Alors qu’entre le Bénin et le Niger, la médiation entreprise par les anciens Présidents Nicéphore Soglo et Boni Yayi est en passe d’aboutir à un dégel de la crise née de la fermeture des frontières Bénin-Niger, le chef de la junte militaire au pouvoir au Burkina-Faso s’invite malencontreusement dans le débat. Ibrahim Traoré a réuni les Burkinabé pour porter contre le Bénin les mêmes accusations déjà proférées par le 1er ministre du Niger.
Dans une vidéo, devenue virale depuis ce jeudi 11 juillet, le Capitaine Ibrahim Traoré a accusé le Bénin d’abriter des bases militaires françaises. « Personne ne peut nous dire qu’au Bénin il n’y a pas de bases françaises. Il y a bel et bien deux bases françaises au Bénin et nous avons des preuves. Des pistes ont été aménagées, des soldats sont équipés… », a affirmé le Capitaine Ibrahim Traoré devant les Burkinabé venus de tout le pays. Pourquoi proférer de telles accusations maintenant qu’il y a des raisons de croire à une normalisation des relations entre le Niger et le Bénin ? Quand on y pense, le dégel annoncé de la crise entre le Bénin et le Niger serait l’élément motivateur de la sortie de Ibrahim Traoré. Le Bénin et le Niger qui retrouvent leurs relations fraternelles séculaires n’arrange certainement pas les affaires de la junte au pouvoir au Burkina-Faso.
En effet, depuis la fermeture des frontières avec le Niger, le port de Lomé (Togo) est devenu celui par où passent les marchandises à destination du Niger. Or, on sait que le volume de transit qui allait vers les pays de l’hinterland est de 30% dont 90% à destination du Niger seul. Voilà que le Niger n’a pas de frontière avec le Togo. Le transit à destination du Niger, quand ça quitte le port de Lomé, passe obligatoirement par le Burkina-Faso. Le pays du capitaine Ibrahim Traoré prélève alors des taxes sur tout ce qui va au Niger. Une normalisation des relations entre le Bénin et le Niger entraînera alors un manque à gagner considérable pour le Burkina-Faso qui sera privé de la manne que constituent les frais de transit des marchandises en partance pour le Niger. N’est-ce pas alors cette crainte qui justifie les accusations portées par le capitaine Ibrahim Traoré contre le Bénin ? Le Burkina-Faso n’aurait donc aucun intérêt à voir le Niger rétablir ses relations avec le Bénin. Et pour ce faire, le chef de la junte militaire au pouvoir au Burkina Faso trouve que porter des accusations de bases militaires françaises contre le Bénin lui permet de jouer les trouble-fêtes dans le rétablissement annoncé des relations entre le Niger et le Bénin. Il espère certainement que de telles accusations vont rendre le Niger réticent quant au bon dénouement du processus de rétablissement des relations avec le Bénin.

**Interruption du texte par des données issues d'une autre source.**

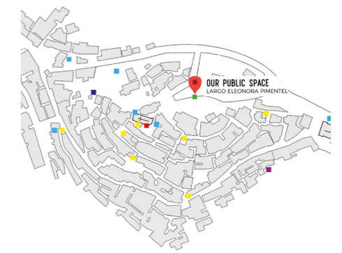
Map of "A Cielo Aperto" permanent works with the focus on the place where Latronico Flag has been displayed. ©Pasquale Campanella

Réaction du Porte-parole du gouvernement béninois
« C’est l’hôpital qui se moque de la charité. Les attaques terroristes enregistrées par le Bénin à ce jour, dont la grande majorité a été déjouée par nos Forces de défense et de sécurité, sont l’œuvre de gens venant de l’autre côté de nos frontières avec le Burkina-Faso et le Niger. C’est d’ailleurs ce qui a amené le Gouvernement du Bénin, dans sa stratégie pour contrer le phénomène, à construire pour compter de 2022, de petits camps militaires appelés bases opérationnelles avancées, dans plusieurs de nos communes frontalières.
Cela, nous ne l’avons pas caché puisque le Président de la République lui-même en a parlé devant l’Assemblée nationale dès le 8 décembre 2022.

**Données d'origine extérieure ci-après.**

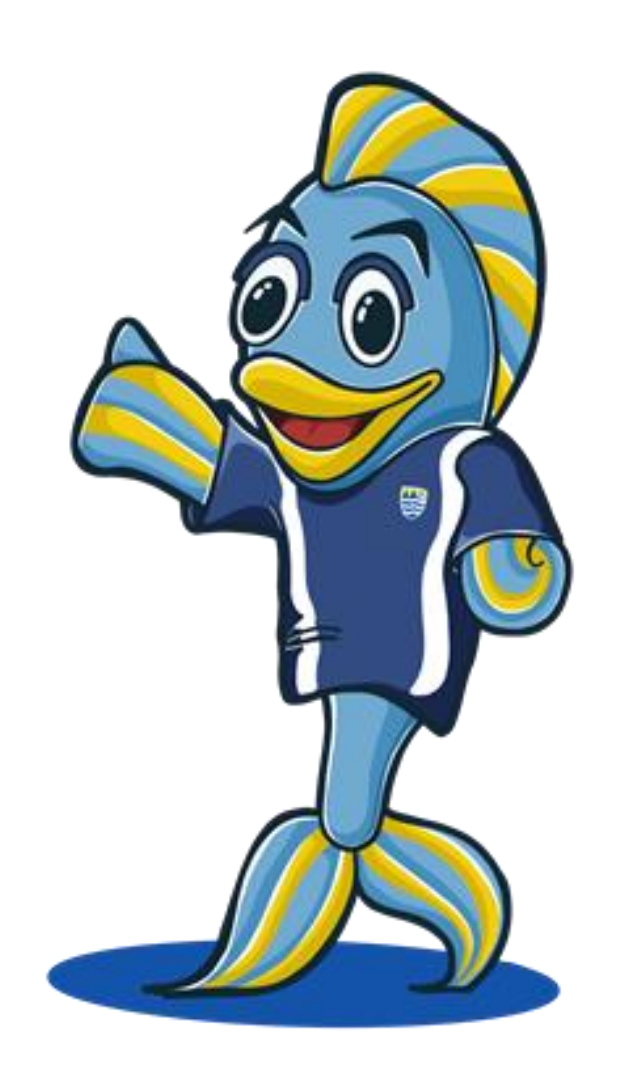
"I'm looking forward to meeting you soon" Brooky

Voilà que nos frères et voisins, pour des raisons de politique domestique, s’emploient à vouloir faire de nous la source de leurs problèmes. C’est une tendance pernicieuse, venant de militaires qui connaissent ces camps et leur vocation.
Ainsi, après le Niger, c’est au tour du Burkina-Faso d’emboucher cette trompette nauséeuse de désinformation qui alimente non le patriotisme, mais plutôt la rancœur des populations et menace à terme la coexistence pacifique des peuples.
Une chose est certaine, le populisme n’a qu’une seule vertu : c’est de déplacer les problèmes en faisant semblant de les régler.
Tôt ou tard, les populations se rendront compte qu’elles ont été abusées ».